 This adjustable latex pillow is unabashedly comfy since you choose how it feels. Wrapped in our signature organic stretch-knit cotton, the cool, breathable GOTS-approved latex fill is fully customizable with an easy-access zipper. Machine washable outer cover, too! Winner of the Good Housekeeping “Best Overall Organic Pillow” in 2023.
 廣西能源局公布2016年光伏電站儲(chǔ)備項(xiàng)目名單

· · ·

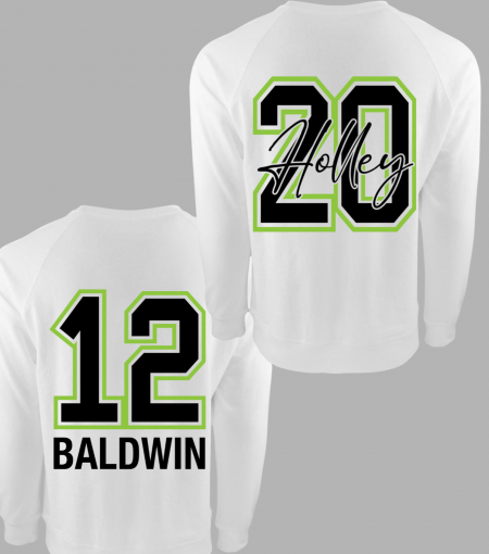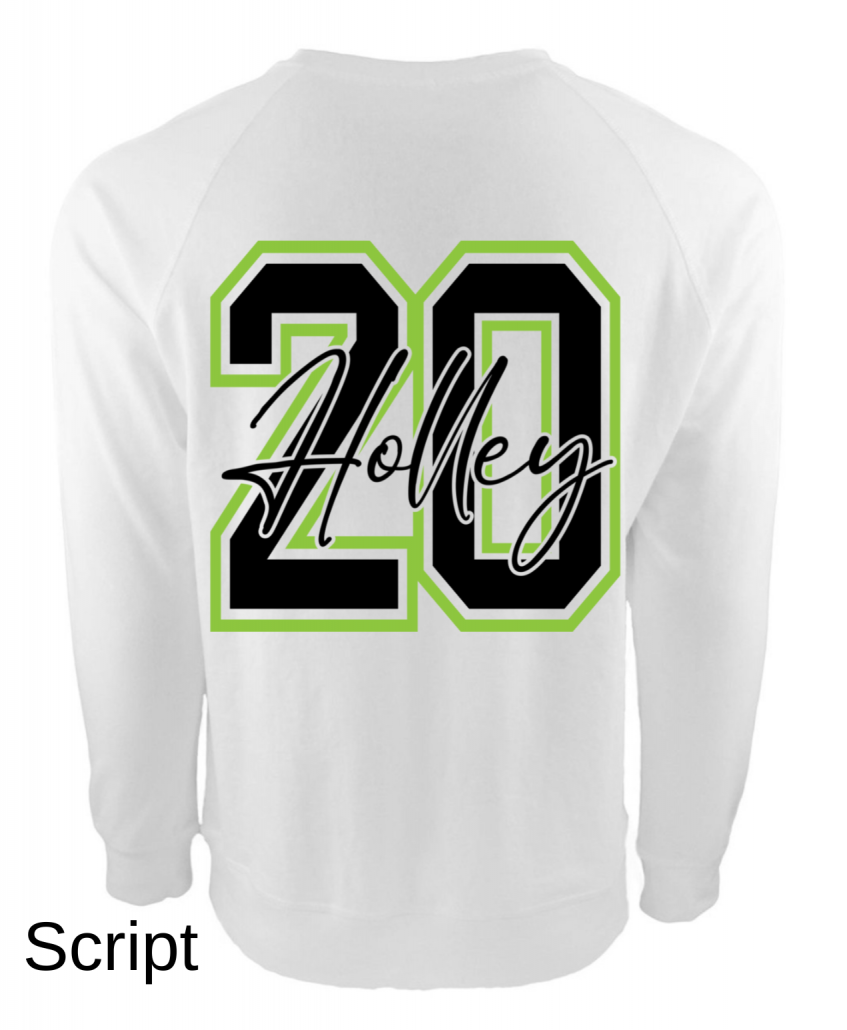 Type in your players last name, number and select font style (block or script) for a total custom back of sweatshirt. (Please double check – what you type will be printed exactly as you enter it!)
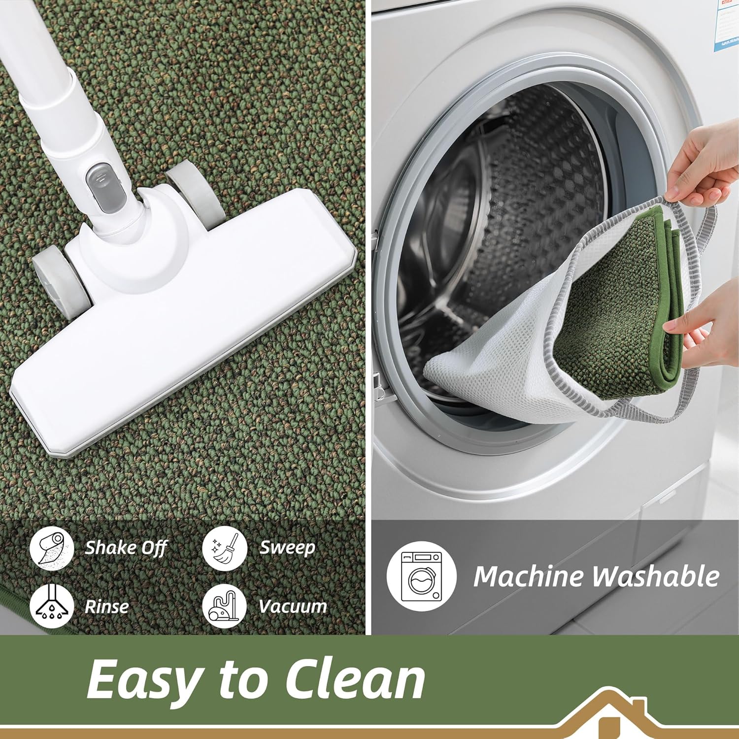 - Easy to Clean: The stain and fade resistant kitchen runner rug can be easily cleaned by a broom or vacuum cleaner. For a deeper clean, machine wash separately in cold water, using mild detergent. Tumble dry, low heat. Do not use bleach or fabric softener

· · ·

Exercise aim: Leave out every line above except those from the line with "This adjustable latex" up to and including the line with "廣西能源局公布2016年光伏電站儲(chǔ)備項(xiàng)目名單", and copy those exactly.

Output for this task:
 This adjustable latex pillow is unabashedly comfy since you choose how it feels. Wrapped in our signature organic stretch-knit cotton, the cool, breathable GOTS-approved latex fill is fully customizable with an easy-access zipper. Machine washable outer cover, too! Winner of the Good Housekeeping “Best Overall Organic Pillow” in 2023.
 廣西能源局公布2016年光伏電站儲(chǔ)備項(xiàng)目名單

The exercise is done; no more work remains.